(Data to process)
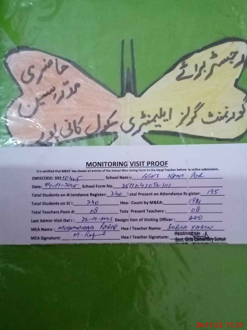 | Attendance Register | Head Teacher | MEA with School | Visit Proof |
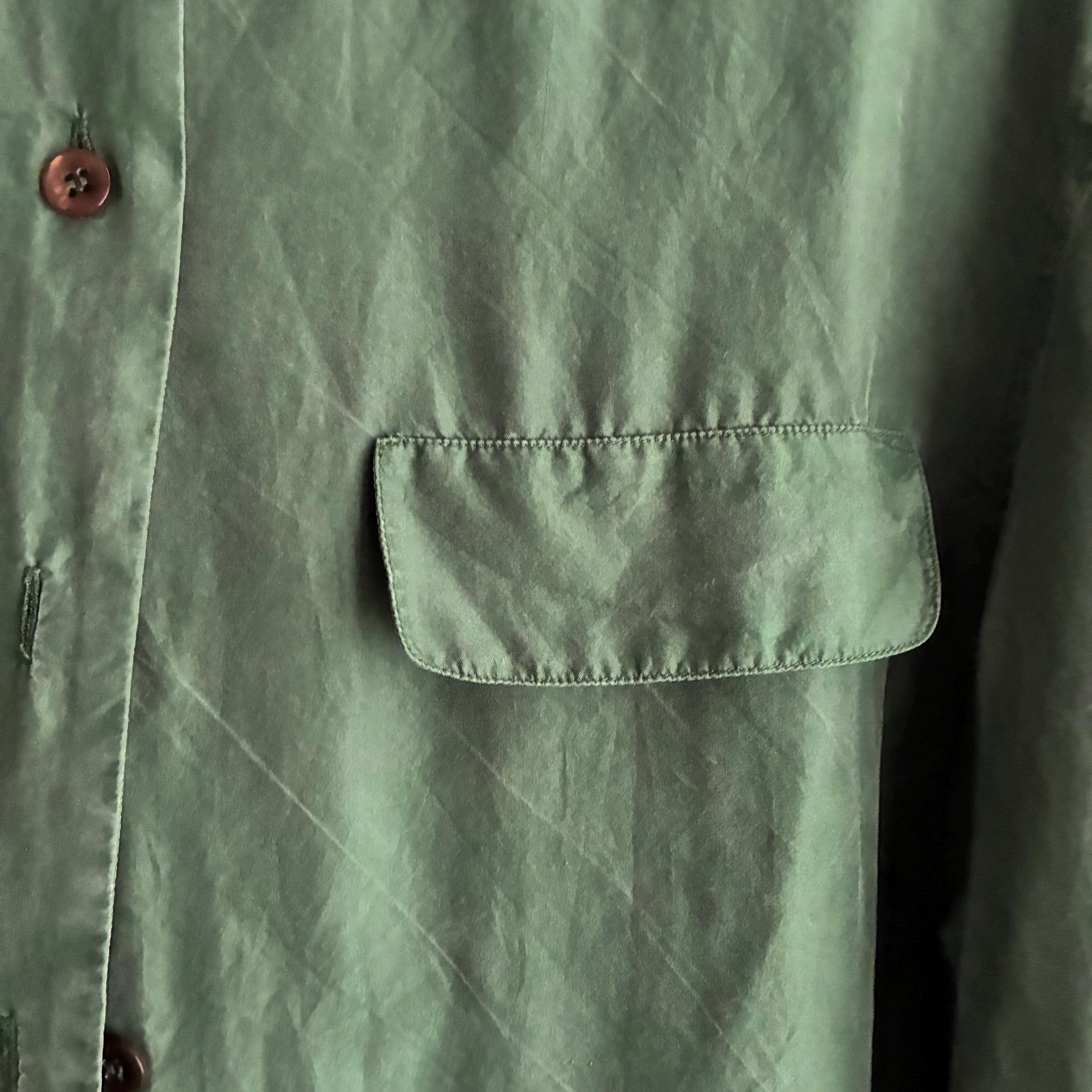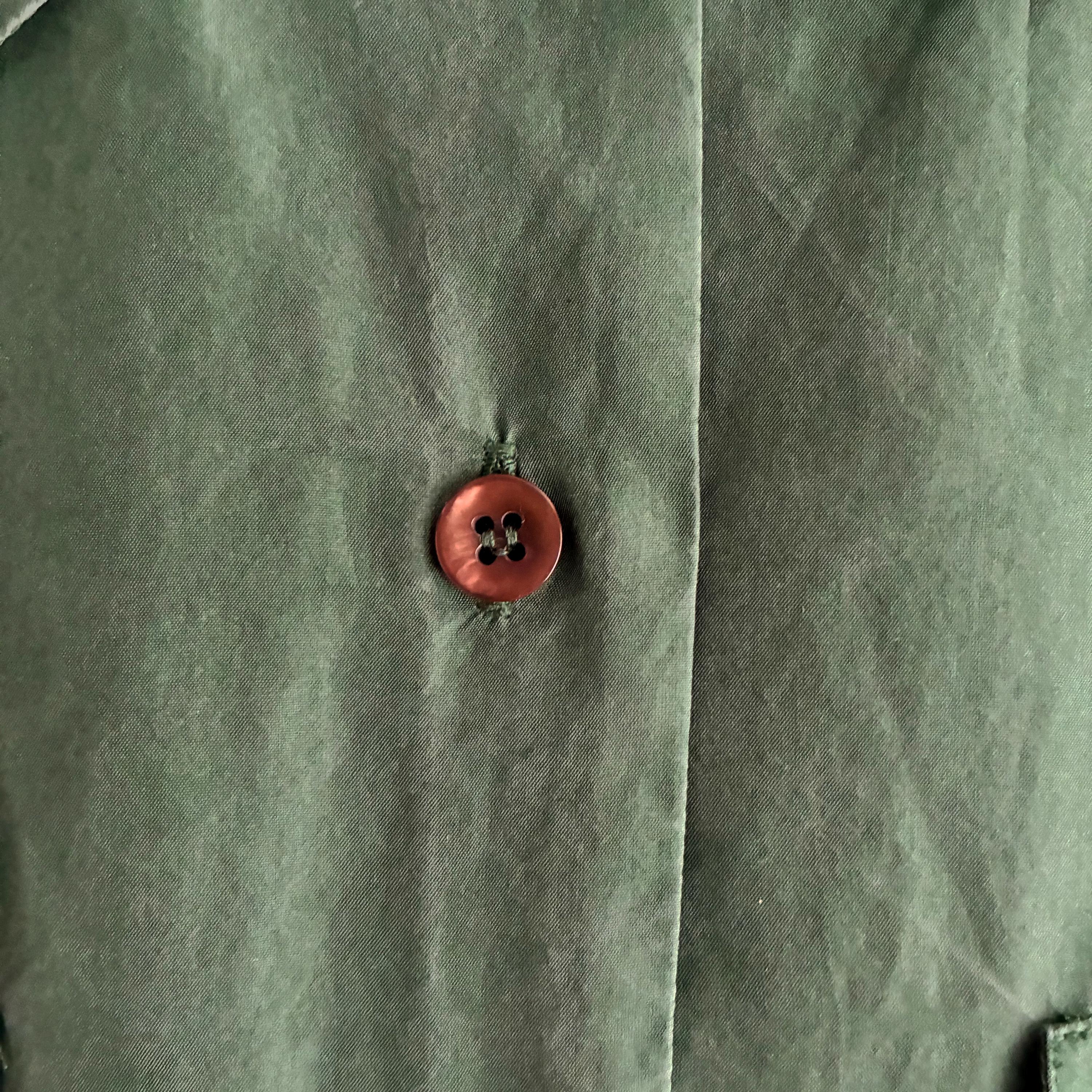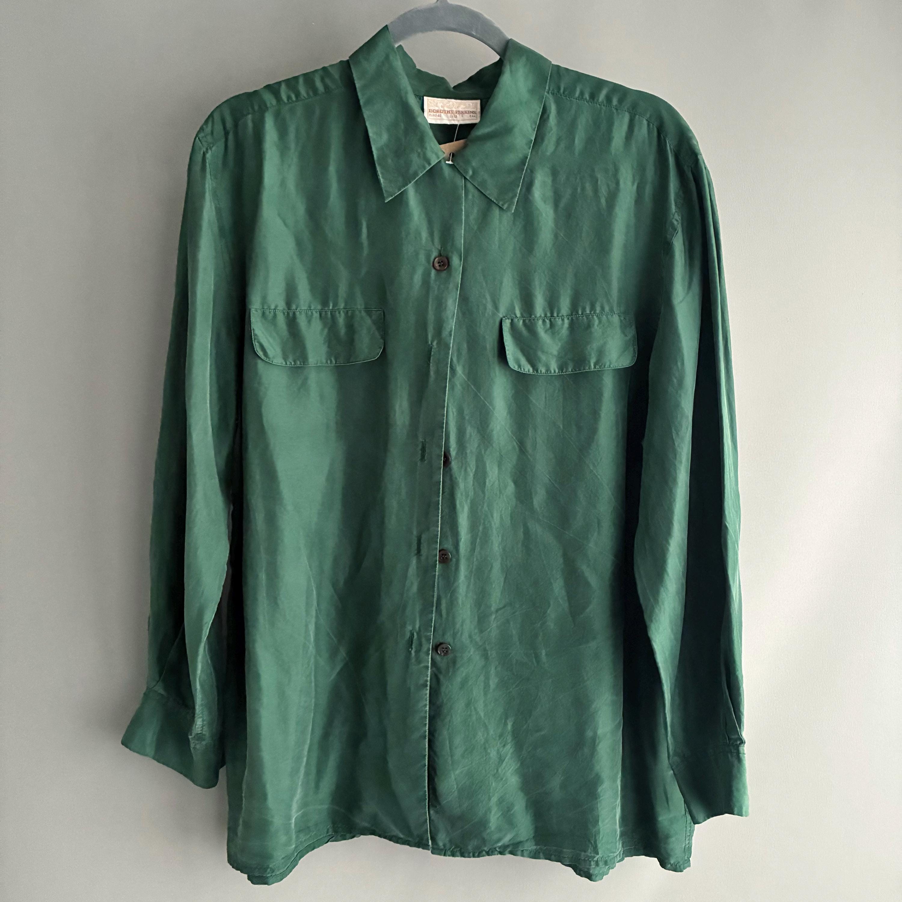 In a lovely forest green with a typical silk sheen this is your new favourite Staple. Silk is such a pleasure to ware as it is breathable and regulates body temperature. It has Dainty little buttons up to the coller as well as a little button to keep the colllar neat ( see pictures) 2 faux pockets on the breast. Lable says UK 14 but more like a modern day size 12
(End Data to process)
(Data to process)
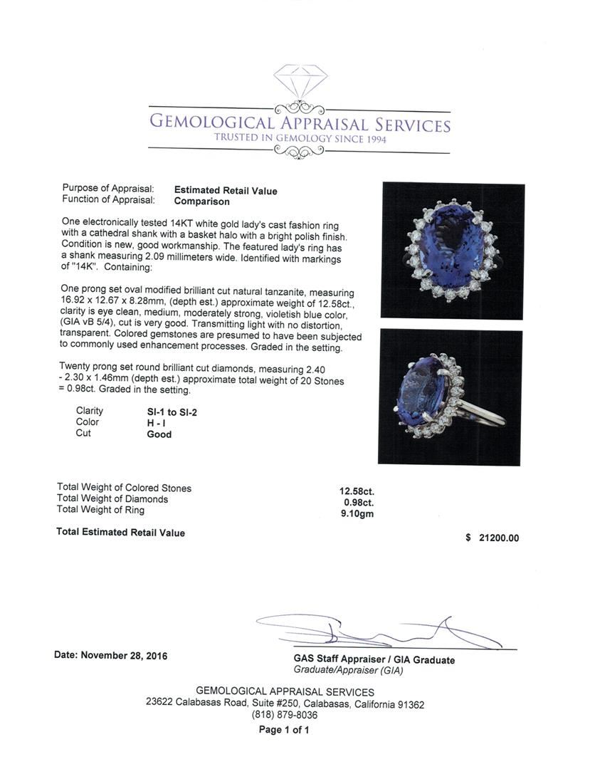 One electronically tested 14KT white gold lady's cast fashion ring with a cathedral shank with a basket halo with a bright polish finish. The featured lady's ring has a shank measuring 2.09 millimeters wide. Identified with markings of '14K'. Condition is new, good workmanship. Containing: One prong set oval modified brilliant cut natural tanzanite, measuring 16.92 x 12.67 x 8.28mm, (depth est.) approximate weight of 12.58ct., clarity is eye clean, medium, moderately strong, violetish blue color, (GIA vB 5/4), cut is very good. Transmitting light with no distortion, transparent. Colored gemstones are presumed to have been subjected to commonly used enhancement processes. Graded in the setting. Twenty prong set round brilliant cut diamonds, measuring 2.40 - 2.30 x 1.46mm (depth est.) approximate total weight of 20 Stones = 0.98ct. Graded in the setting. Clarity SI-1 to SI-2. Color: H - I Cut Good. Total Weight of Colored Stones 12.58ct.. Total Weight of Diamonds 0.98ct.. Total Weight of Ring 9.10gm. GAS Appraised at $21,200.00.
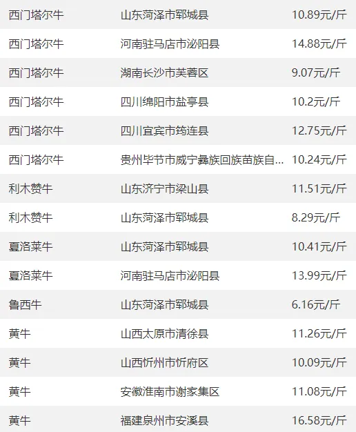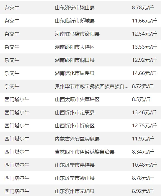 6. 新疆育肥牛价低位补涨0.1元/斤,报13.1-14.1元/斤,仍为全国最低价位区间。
(End Data to process)
:: Brief ::
Using the entries above, write out exactly the lines from the one with "Visit Proof |" through the one with "In a lovely", ends included. Leave out any pictures.

:: Completed exercise ::
 | Attendance Register | Head Teacher | MEA with School | Visit Proof |
 In a lovely forest green with a typical silk sheen this is your new favourite Staple. Silk is such a pleasure to ware as it is breathable and regulates body temperature. It has Dainty little buttons up to the coller as well as a little button to keep the colllar neat ( see pictures) 2 faux pockets on the breast. Lable says UK 14 but more like a modern day size 12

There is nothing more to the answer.